Permalink | Author: Dan Dart | Published: 2009-12-29 13:20:00.001 UTC | Tags: ajax api apps cloud css desktop fast gui html html5 javascript linux networking operating system os php social sql xenon
An alpha version of the Xenon Desktop has been released. A description of the project follows.
Xenon is a portable web or browser based desktop for netbooks and thin clients, designed to be the easiest desktop ever.
The desktop includes a new GUI stepping away from traditional menus and is optimised for touchscreen and small devices.
The system integrates social networking features and standard desktop features into one software package.
Being browser-based, it is cross platform and cross architecture.
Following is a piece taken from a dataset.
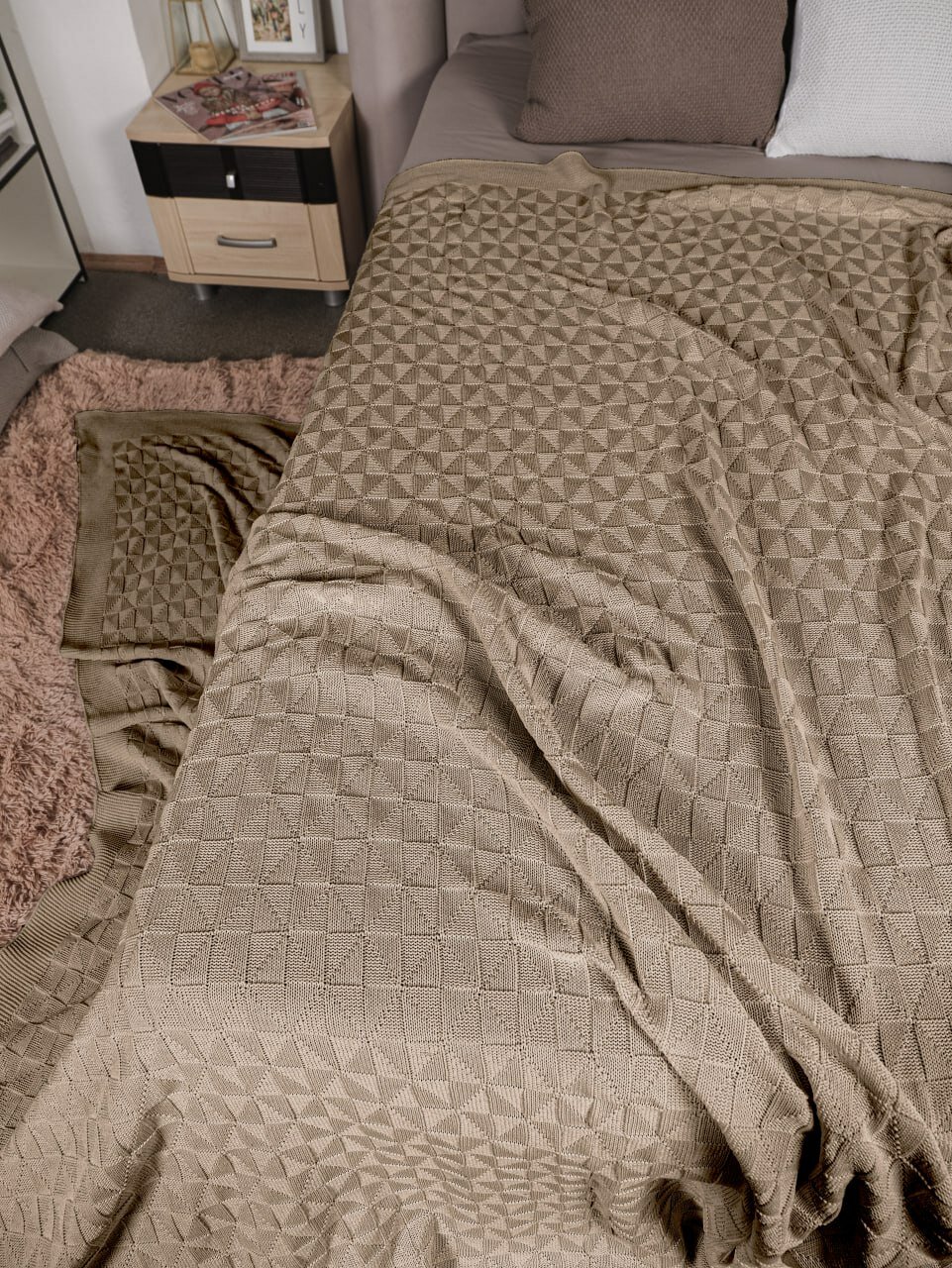 СохранитьПлед 220х240, вязаный, покрывало на кровать, на диван, бежевый, KING PLAID, Хлопок 100%, в подарочной сумке интересное:

It is built on HTML5 and PHP components, and can be run on extremely low-powered machines, allowing for cheap distribution and devices.
The backend can be run online (for users to access their data everywhere), on a personal LAN server, or on a small device, so the system can work offline, or if there are concerns about cloud storage.
An API is available at xenon.kevinghadyani.com/wiki/index.php/Developing_Apps (edit 2021: page not archived), so anyone can start developing apps to distribute in Xenon's upcoming App Store.
The project's homepage is located at https://hackerlanes.com (edit 2021: archived) including the online desktop, ready for instant testing and a download of the alpha image for your server. The actual small footprint OS that will run on netbooks will come later.
We encourage contributions to the project, in the form of code (the languages currently used are (X)HTML, CSS, Javascript, PHP and MySQL), art (eg icons, backgrounds, GUI concepts) or even just ideas.